Seither sei es William Wolff mit seiner optimistischen Art gelungen, Juden wie Nichtjuden zu begeistern: »Er vermag es auf einmalige Weise, den Menschen Religion und Lebensfreude zu vermitteln. Sein Lachen ist gütig, sein Händedruck ist fest und leidenschaftlich. Er ist ein wunderbar weiser und menschenfreundlicher Rabbiner«, sagte die CDU-Politikerin und wies darauf hin, dass viele Menschen unsagbar dankbar dafür seien, dass sein Lebensweg ihn in das nordöstliche Bundesland verschlagen habe.

Gewissermaßen war es damals eine Rückkehr in sein Geburtsland, denn Wolff kam am 13. Februar 1927 in Berlin zur Welt. Bereits 1933 flohen seine Eltern mit drei Kindern vor den Nationalsozialisten zunächst nach Amsterdam und 1939 nach England. Dort arbeitete William Wolff später als Zeitungsjournalist, war auch Ende der 60er- und Anfang der 70er-Jahre mehrfach Gast der ARD-Fernsehsendung »Internationaler Frühschoppen«, bevor er im Alter von 57 Jahren Rabbiner wurde.
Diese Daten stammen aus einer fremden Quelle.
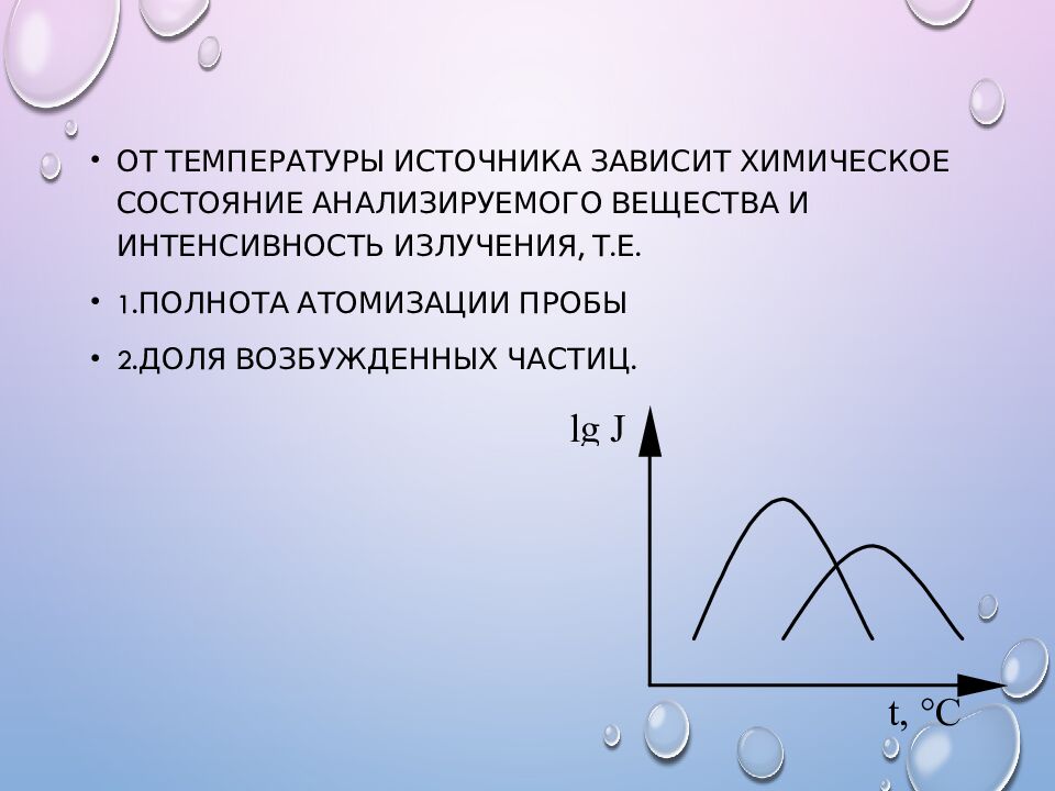 От температуры источника зависит химическое состояние анализируемого вещества и интенсивность излучения, т.е. 1.Полнота атомизации пробы 2.Доля возбужденных частиц.
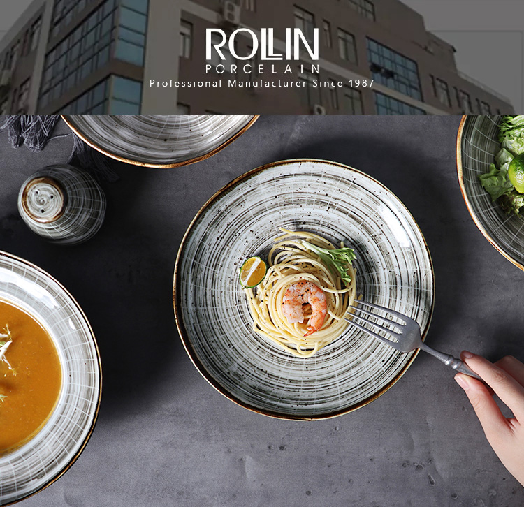 사기그릇 서빙 접시 Rollin 도자기 원형 접시 스테이크 접시 레스토랑

Landesrabbiner Bereits 1997 gab es erste Kontakte zur Jüdischen Gemeinde in Schwerin, Wolff nahm regelmäßig an den Gedenkfeiern zur Pogromnacht im November teil. Als Landesrabbiner sorgte er sich später vor allem um das religiöse Gemeindeleben der beiden Gemeinden in Schwerin/Wismar sowie in Rostock. Zugleich trat er stets für ein unverkrampftes Verhältnis zwischen Juden und Nichtjuden in Mecklenburg-Vorpommern ein.

Dass die jüdischen Gemeinden inzwischen Normalität geworden sind, daran habe William Wolff großen Anteil, würdigten die Redner am Montag den neuen Ehrenbürger Schwerins. Stadtpräsident Stephan Nolte nannte seine »Haltung als Demokrat und liberaler Jude (...) beeindruckend«, als derjenige, »der uns trotz der von ihm und seiner Familie erlittenen Vergangenheit Zuversicht auf eine gute Zukunft in friedlicher Toleranz vermittelt«. Oberbürgermeisterin Angelika Gramkow (Die Linke) sprach von einem Glücksfall für die Stadt. William Wolff »steckt uns an mit seinem Lebensmut und seinem Optimismus«.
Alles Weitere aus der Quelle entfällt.